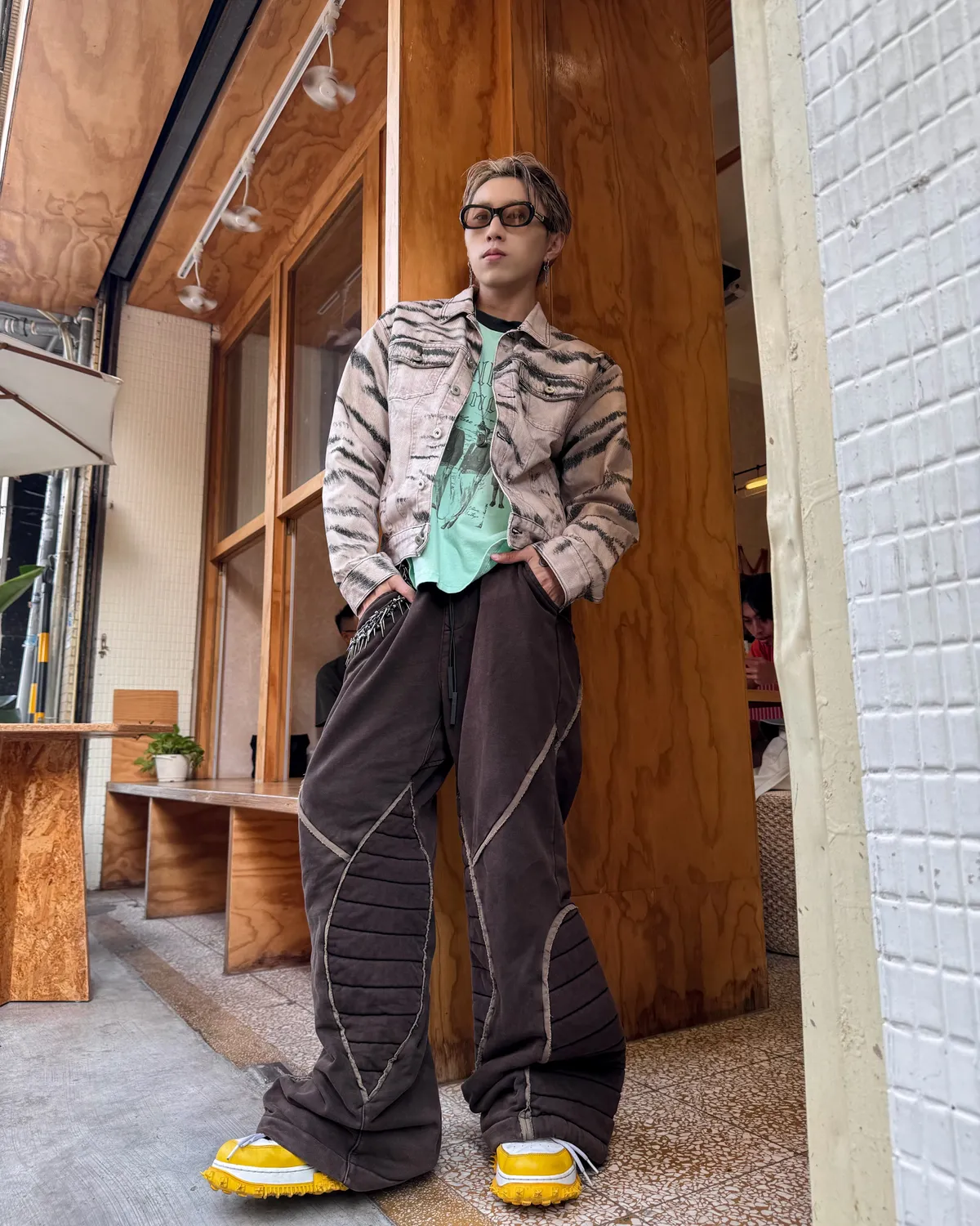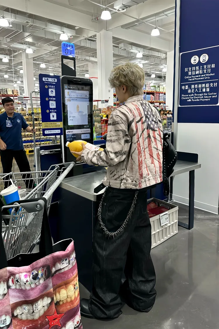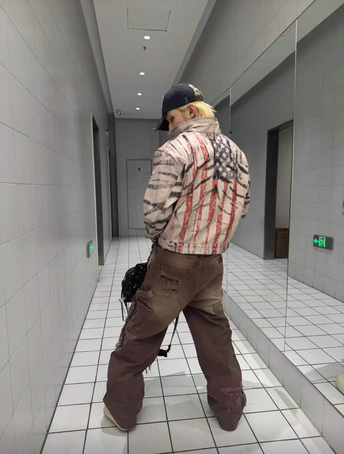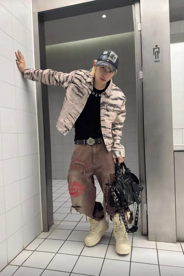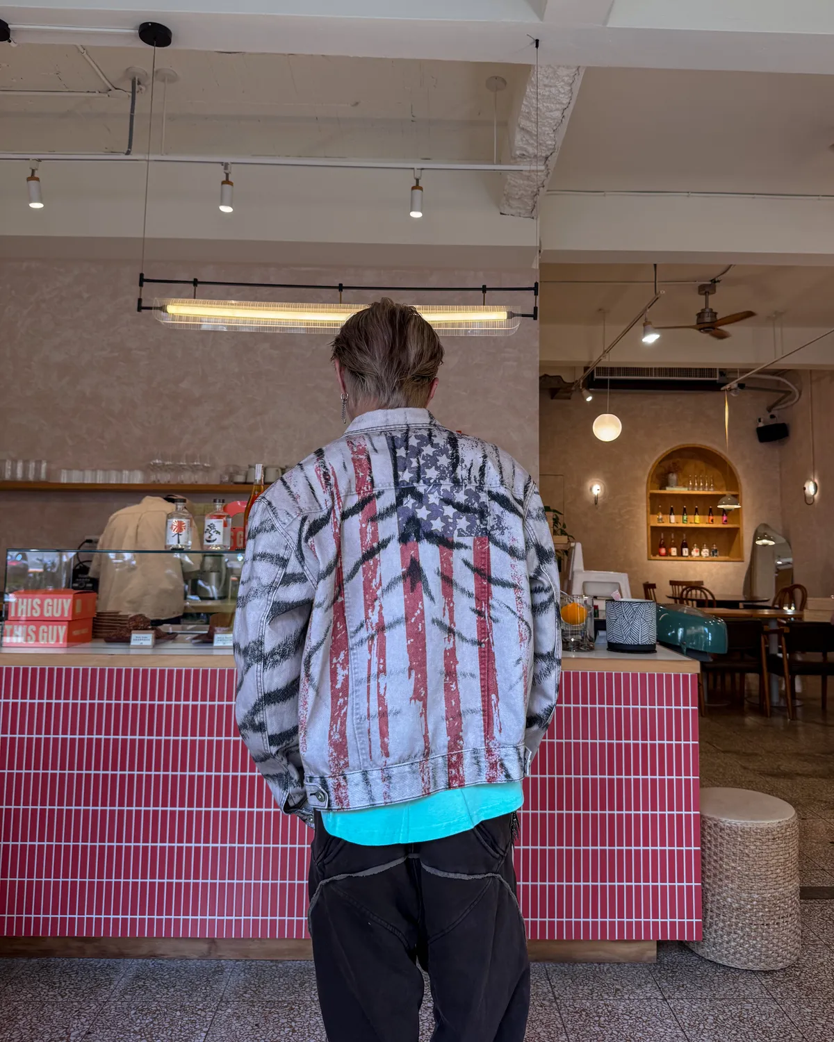 虎紋國旗 寬短水洗 牛仔外套(卡其)
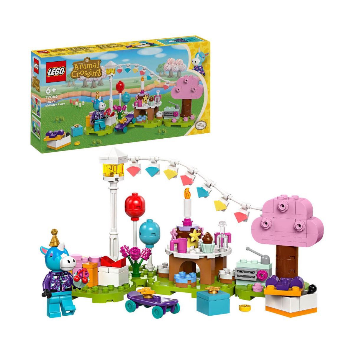 LEGO Animal Crossing Jimmys Geburtstagsparty (77046) lässt kreative Kinder ab 6 Jahren unzählige Szenen aus ihrer liebsten Videospielserie nachstellen. Dieses kreative Spielzeug zum Umgestalten beinhaltet jede Menge zauberhafte und aus der Videospielreihe vertraute Zubehörelemente, die Kinder viele spannende Geschichten darstellen lassen. Kinder schmeißen eine Party für das Pferd Jimmy aus den Animal Crossing Spielen, das Mädchen und Jungen wegen seines Einhorn-Designs entzücken wird. Die Kinder schenken Jimmy unter anderem ein Mikrofon und eine Sterni-Münze. Während Jimmy die Kerze auf seiner Geburtstagstorte ausbläst, verteilen sie Cupcakes. Nach der Party kann dein Kind die baubare Szene umgestalten, die Bauplatten verschieben und die Ballons, Girlanden und Zubehörelemente anders verteilen. Mit diesem LEGO Tiere Set können Kinder genauso kreative Szenen gestalten wie in der Videospielreihe Animal Crossing. Dieses Bauspielzeug aus Modulen ist ein tolles Animal Crossing Geschenk für Fans von Jimmy. Für unbegrenzte weitere Spielmöglichkeiten muss man dieses Kinderspielzeug nur mit den anderen kreativen LEGO Animal Crossing Sets kombinieren. In seiner Standardkonfiguration ist Modell 9 cm hoch, 17 cm breit und 10 cm tief. Enthält 170 Teile..
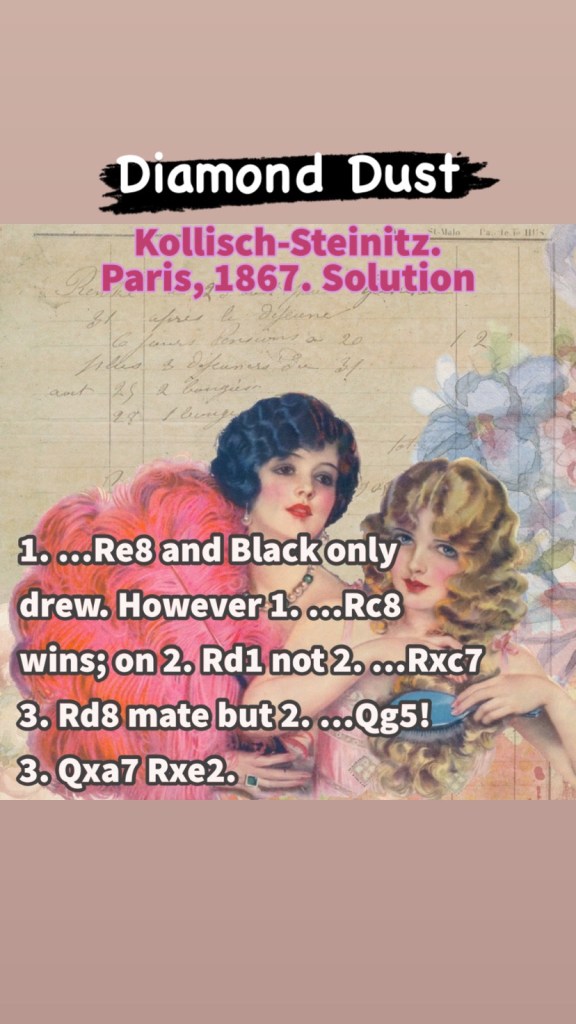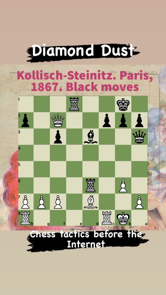 Diamond Dust Posted byformermailmanSeptember 24, 2023Posted inTacticsTags:Chess combinations, Chess problems, Chess tactics, Tactics Share this: Click to share on X (Opens in new window) X Click to share on Facebook (Opens in new window) Facebook Click to share on LinkedIn (Opens in new window) LinkedIn Like Loading... Related
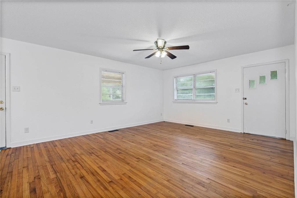 NO HOA- 2 Acres of unrestricted property. This 3 bedroom - 1.5 bath is move in ready. Freshly painted. Real hardwood floors in living room. Dining room. Kitchen has all appliances including the refrigerator. Primary bedroom and 2nd bedroom have a barn door that can be opened for lots of options. Laundry room is off of carport and includes washer and dryer. Large fenced, level back yard. Room for your RV or Boat or many other possibilities. Metal Roof & HVAC less than 5 years old. HVAC just serviced also. Buyer to verify all information during due diligence.
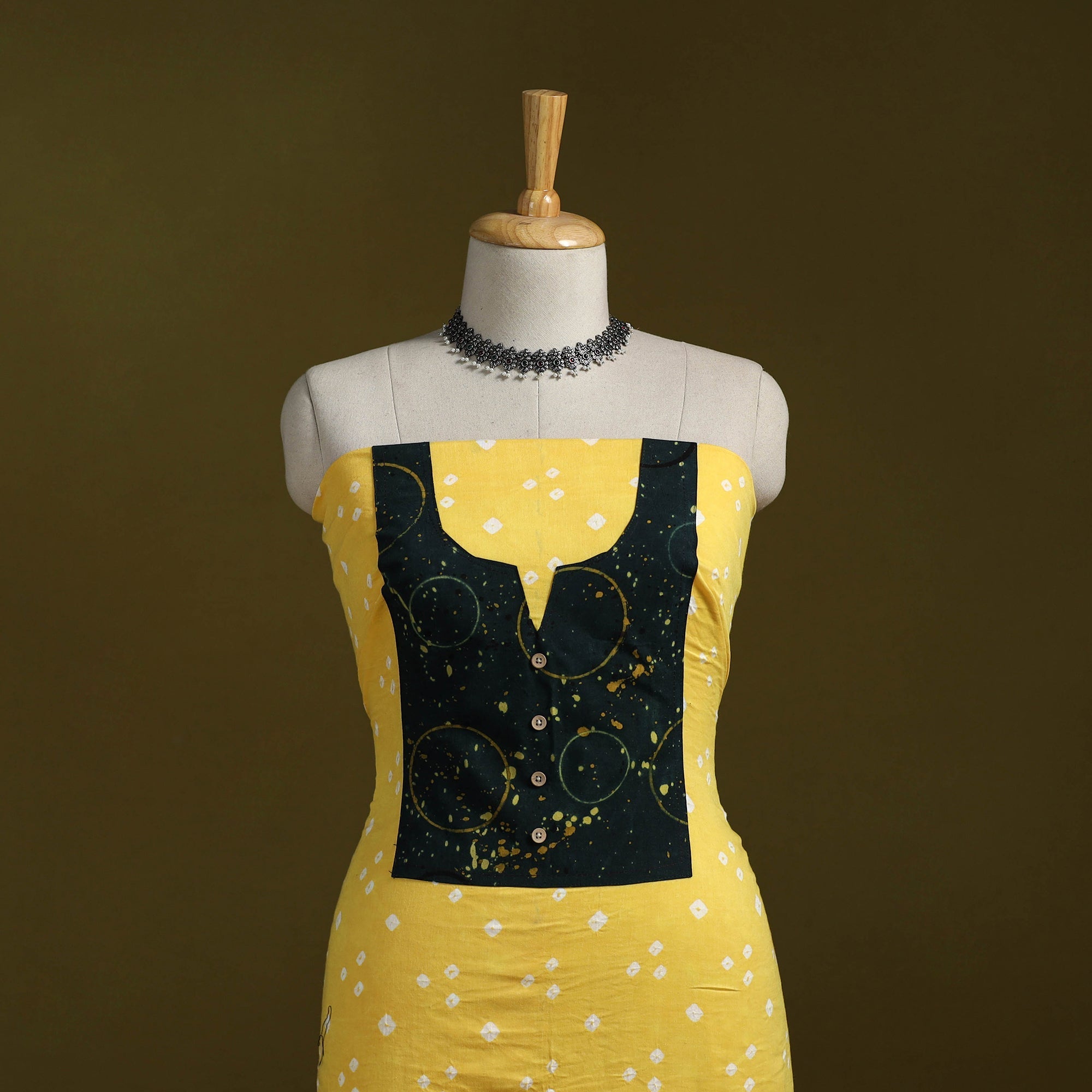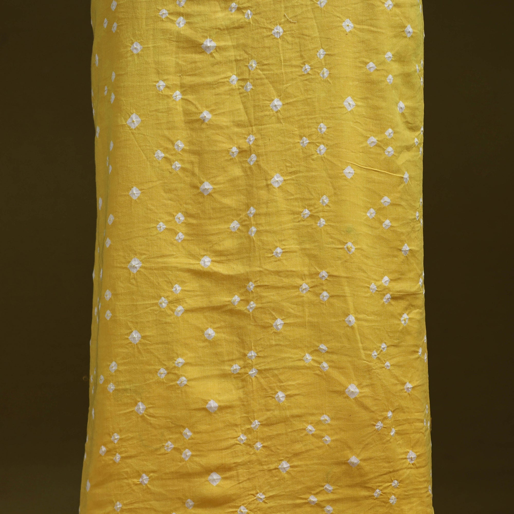 Yellow bandhani cotton unstitched kurta material from Kutch. Made using traditional tie-dye technique, to create bandhej patterns. It features patchwork detailing, which adds a handcrafted touch. Ideal for stitching kurtas, fusion tops or tunics.
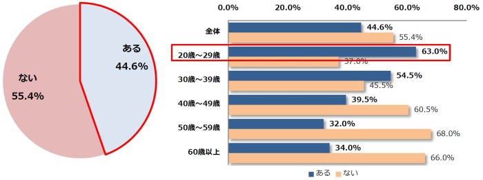 過去1年以内に通勤電車内で勉強した経験があるかを聞いたところ、「ある」と回答した方が44.6%、「ない」と回答した方が55.4%という結果になりました。

### EXERCISE
Restate all of the material above word for word. Pictures do not belong in it.

### RESPONSE BOX
 虎紋國旗 寬短水洗 牛仔外套(卡其)
 LEGO Animal Crossing Jimmys Geburtstagsparty (77046) lässt kreative Kinder ab 6 Jahren unzählige Szenen aus ihrer liebsten Videospielserie nachstellen. Dieses kreative Spielzeug zum Umgestalten beinhaltet jede Menge zauberhafte und aus der Videospielreihe vertraute Zubehörelemente, die Kinder viele spannende Geschichten darstellen lassen. Kinder schmeißen eine Party für das Pferd Jimmy aus den Animal Crossing Spielen, das Mädchen und Jungen wegen seines Einhorn-Designs entzücken wird. Die Kinder schenken Jimmy unter anderem ein Mikrofon und eine Sterni-Münze. Während Jimmy die Kerze auf seiner Geburtstagstorte ausbläst, verteilen sie Cupcakes. Nach der Party kann dein Kind die baubare Szene umgestalten, die Bauplatten verschieben und die Ballons, Girlanden und Zubehörelemente anders verteilen. Mit diesem LEGO Tiere Set können Kinder genauso kreative Szenen gestalten wie in der Videospielreihe Animal Crossing. Dieses Bauspielzeug aus Modulen ist ein tolles Animal Crossing Geschenk für Fans von Jimmy. Für unbegrenzte weitere Spielmöglichkeiten muss man dieses Kinderspielzeug nur mit den anderen kreativen LEGO Animal Crossing Sets kombinieren. In seiner Standardkonfiguration ist Modell 9 cm hoch, 17 cm breit und 10 cm tief. Enthält 170 Teile..
 Diamond Dust Posted byformermailmanSeptember 24, 2023Posted inTacticsTags:Chess combinations, Chess problems, Chess tactics, Tactics Share this: Click to share on X (Opens in new window) X Click to share on Facebook (Opens in new window) Facebook Click to share on LinkedIn (Opens in new window) LinkedIn Like Loading... Related
 NO HOA- 2 Acres of unrestricted property. This 3 bedroom - 1.5 bath is move in ready. Freshly painted. Real hardwood floors in living room. Dining room. Kitchen has all appliances including the refrigerator. Primary bedroom and 2nd bedroom have a barn door that can be opened for lots of options. Laundry room is off of carport and includes washer and dryer. Large fenced, level back yard. Room for your RV or Boat or many other possibilities. Metal Roof & HVAC less than 5 years old. HVAC just serviced also. Buyer to verify all information during due diligence.
 Yellow bandhani cotton unstitched kurta material from Kutch. Made using traditional tie-dye technique, to create bandhej patterns. It features patchwork detailing, which adds a handcrafted touch. Ideal for stitching kurtas, fusion tops or tunics.
 過去1年以内に通勤電車内で勉強した経験があるかを聞いたところ、「ある」と回答した方が44.6%、「ない」と回答した方が55.4%という結果になりました。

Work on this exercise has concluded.